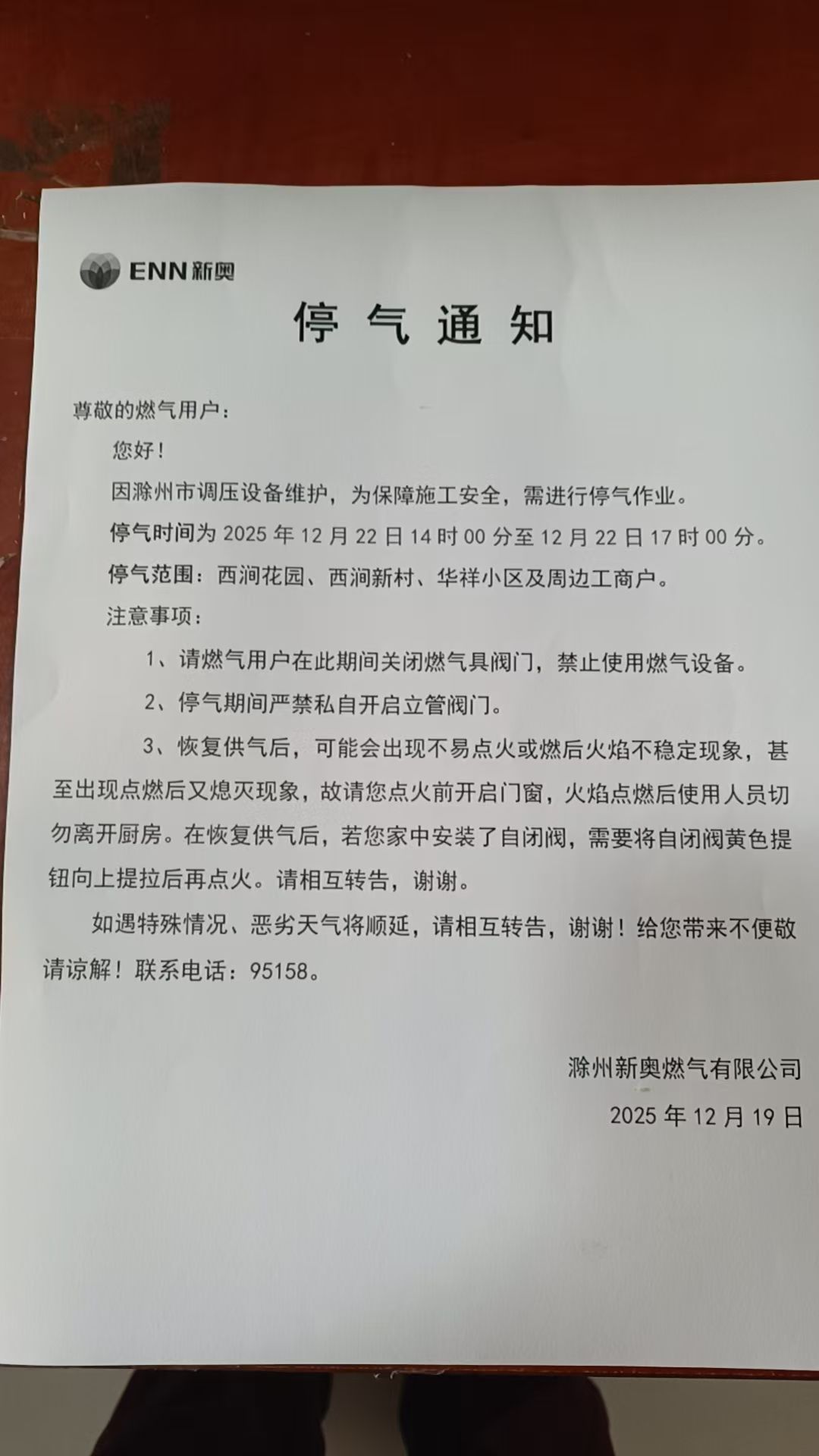 停气时间为2025年12月22日14时00分至12月22日17时00分。停气范围:西涧花园,西涧新村,华祥小区及周边工商户。注意事项:
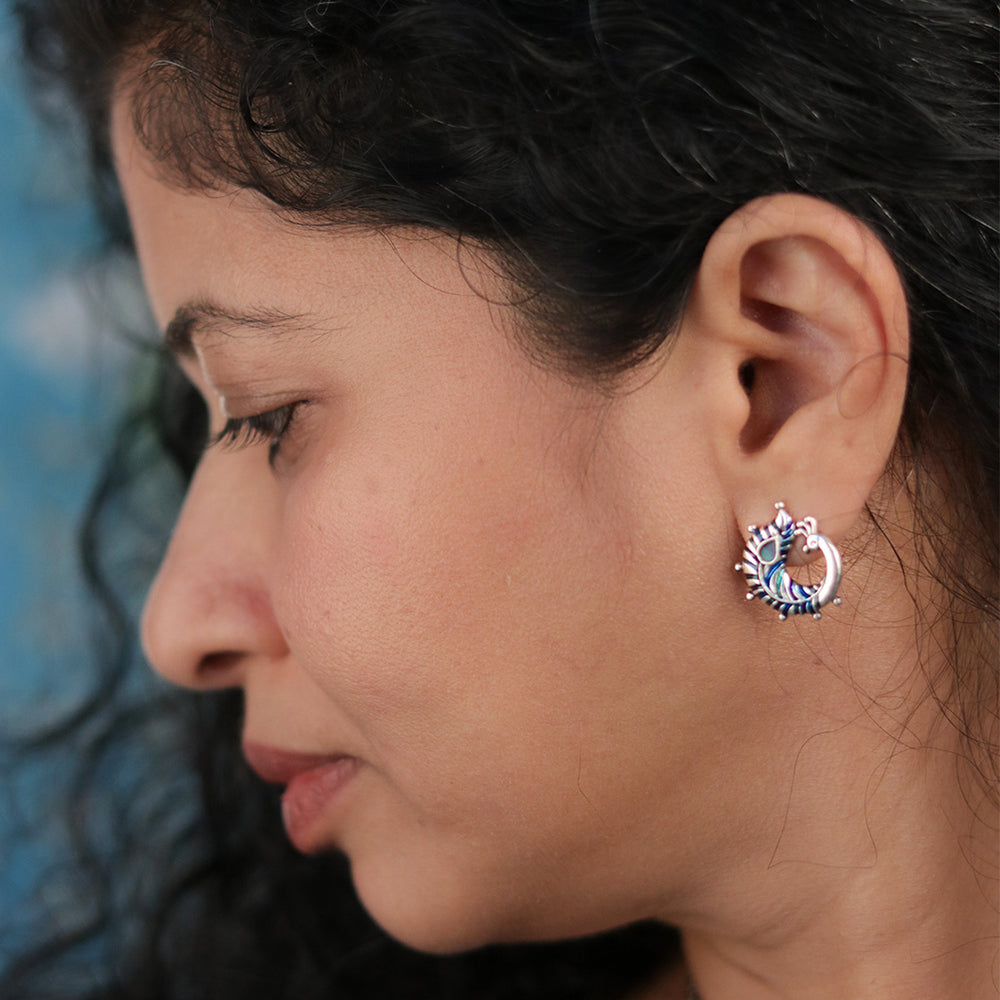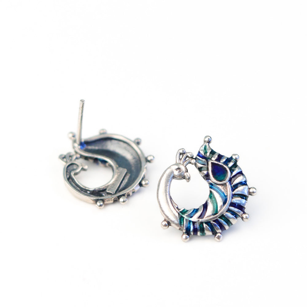 Mayurika Silver Earrings enhanced by a Peacock motif, symbolises renewal and the beauty of nature. Sophisticated yet stylish, its sterling silver earrings capture attention and illuminates ensemble.
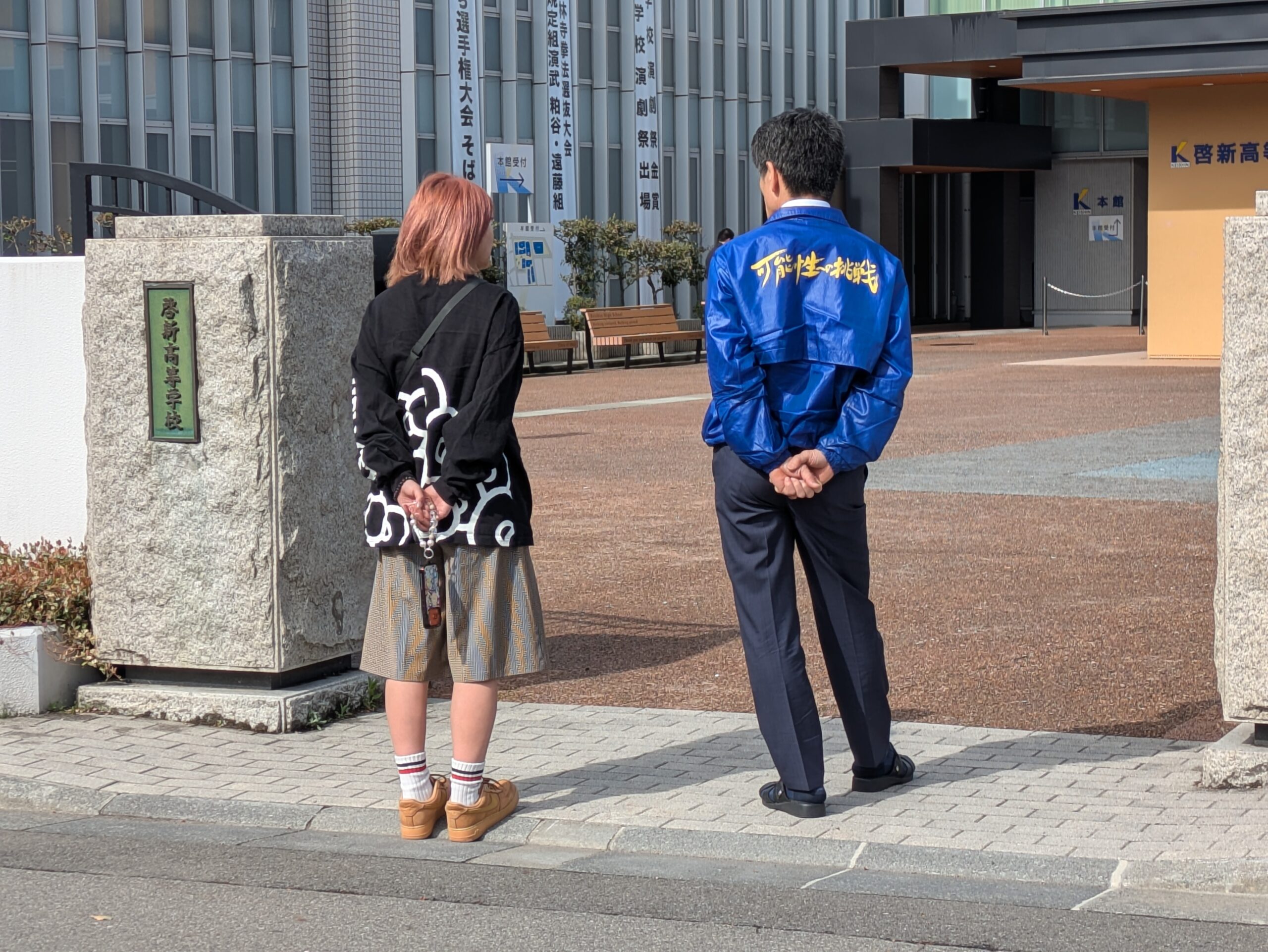まずは、生徒の登校を見守っていた校長先生にご挨拶。

━━━━━━

→ **Requirement**: Your reply should hold exactly the lines from the line containing "Mayurika Silver Earrings" through the final line of the listing, and none of the pictures.

→ **The completed task**:
 Mayurika Silver Earrings enhanced by a Peacock motif, symbolises renewal and the beauty of nature. Sophisticated yet stylish, its sterling silver earrings capture attention and illuminates ensemble.
まずは、生徒の登校を見守っていた校長先生にご挨拶。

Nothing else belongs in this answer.